Last, the widespread use of mobile devices in the general population has made communication simpler and now makes remote monitoring of patients possible. Such technologies offer the possibility of collecting data related to physical activity and patient postoperative rehabilitation in real-time. Above all, a remote patient monitoring system may help surgeons to detect patients who are not progressing as expected, and, eventually, lead to modify exercise programs or increase the frequency of clinic visits [32].

Conclusion

Through this literature review, we aimed to report the potential applications of ML/DL in the field of hip and knee prosthetic reconstruction. Ideally, ML algorithms should help physicians to make pre-operative diagnosis more reliable, predict post-operative outcome, improve the detection of post-operative complications, and, ultimately, determine the optimal therapeutic strategy. AI/ML systems have the capacity to leverage data from variable sources, such as medical imaging, clinical records, patient monitoring systems, and arthroplasty registries; machine learning models have simplified the combination of data from observations from all of these sources to provide reliable information. Specifically, studies have shown the accuracy of AI systems in the detection and prediction of progression of osteoarticular degenerative diseases, in the identification of hip and knee implant models, in the prediction of function and complications after THA/TKA, and the evaluation of costs related to these procedures. Interestingly, these studies have shown that machines are able to mimic, and, in many instances, surpass, the human observer, and have the potential to make accurate prediction of future data, notably in predicting accurate outcome after treatment in a given individual.

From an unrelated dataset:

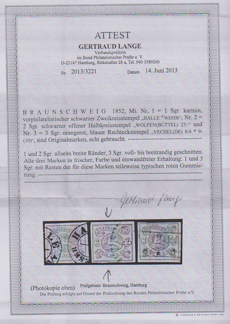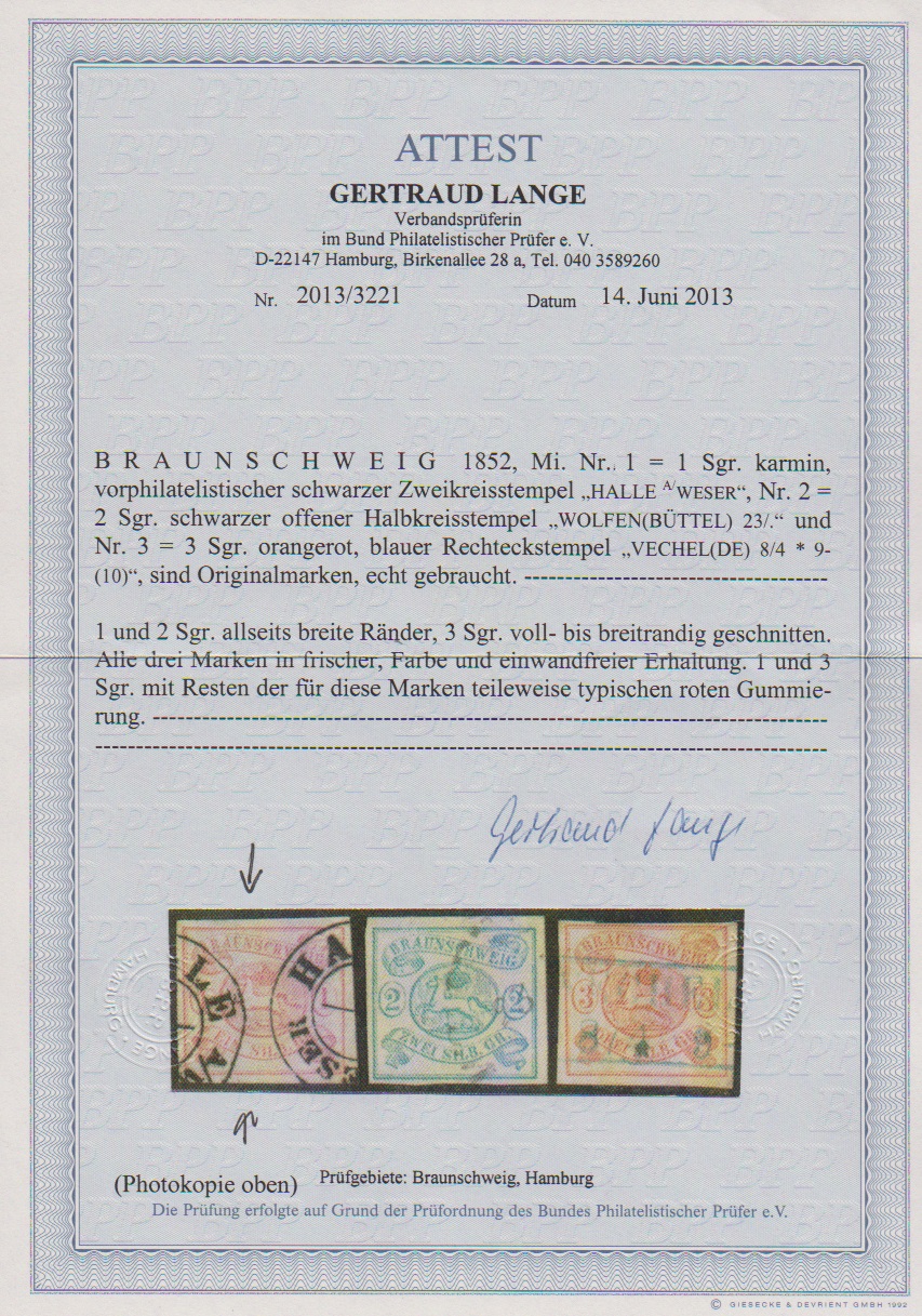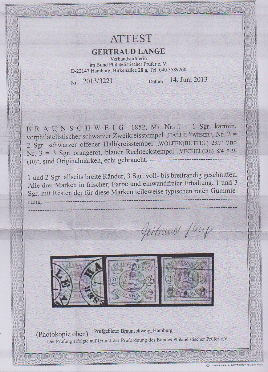 3 Sgr. orangerot, voll- bis breitrandiges Prachtstück mit besserem Ra2 "Vechelde", Attestkopie Lange (für kpl. Satz Nr. 1-3). Mi. 400,-

A number of challenges are emerging with the gradual introduction of artificial intelligence-based methods in clinical medicine. The long-term effects of AI on the healthcare field are uncertain. Although most studies use publicly available pretrained models, one major limitation of AI/ML production is the need of enormous amount of medical data which are difficult to find and share. Another limitation, in relation to the previous one, is the difficulty to reliably transpose results from one medical centre to another. Generally, AI lacks several features of human mind functioning, such as « commonsense reasoning », empathy, compassion, emotion, creativity, judgement, and responsibility. Therefore, even well-trained models may lead to errors with potential harmful consequences for the patient. This aspect illustrates the need for us, as clinicians, to stay in control of these processes.

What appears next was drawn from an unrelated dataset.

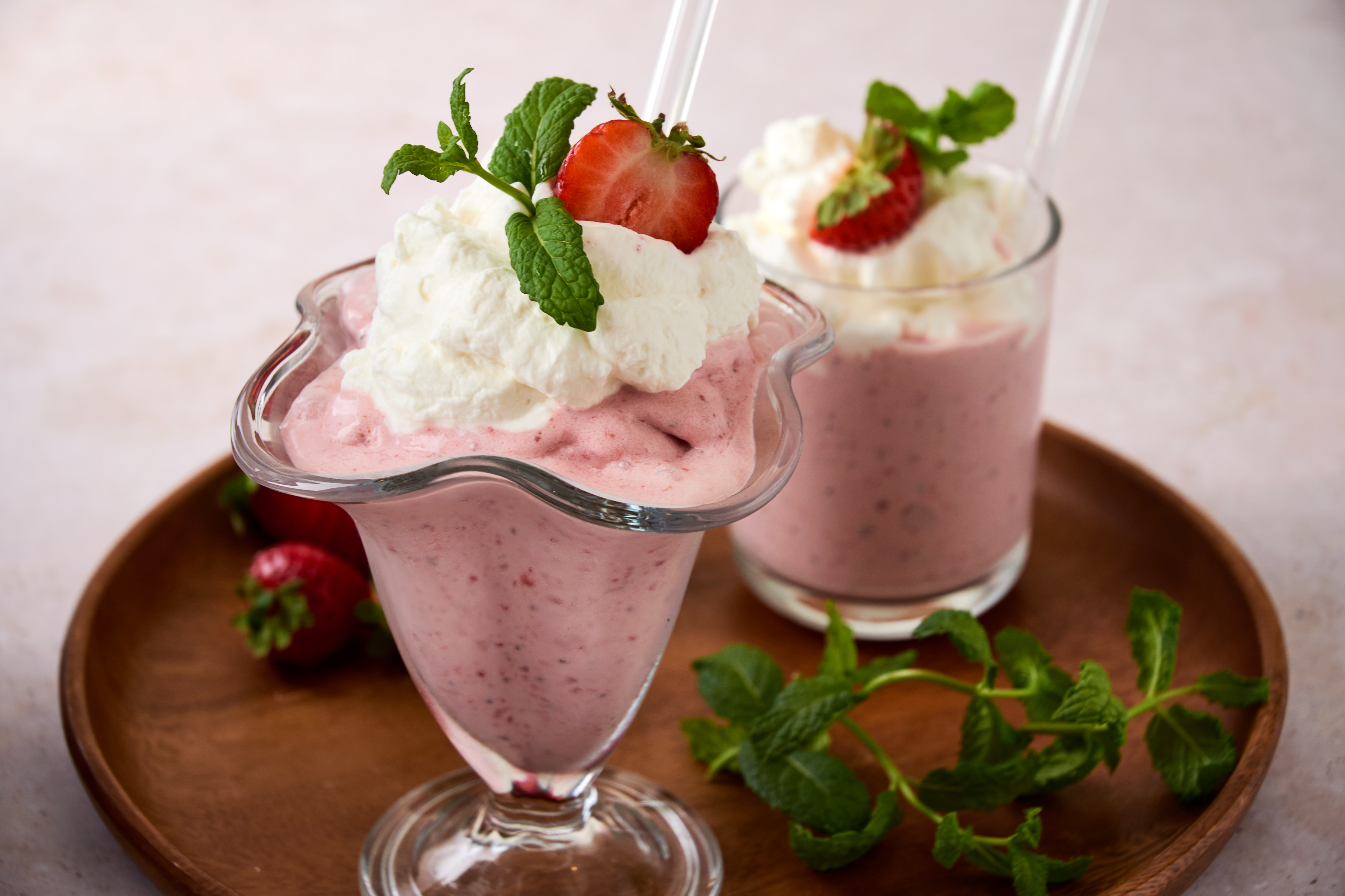 Step 3 -Serve the milkshakes garnished with the remaining Cool Whip, the remaining sliced strawberries, and the mint sprigs.

In a near future, AI/ML will probably provide the orthopaedic surgeon with key tools in an increasingly data-driven and data-dependent world. As the amount of patient-related data continues to grow, it is becoming evident that medical decisions will increasingly have recourse to AI/ML. The latter will need to be incorporated into the daily practice, with the help of automated algorithms for computers. Also, it is probable that advanced ML systems will overcome the problem of missing data. Advances in unsupervised learning will enable far greater characterization of patient’s risk factors for complications or failure following hip or knee reconstruction. Ultimately, this will lead to better surgical technique selection, improved outcomes, and lower healthcare costs. Internal and external validation is essential to transpose prediction models into real life and to generalize them. However, there is still a need for evidence obtained from large cohorts, randomized controlled studies and external validation for AI and ML to be used as daily tools in orthopaedics.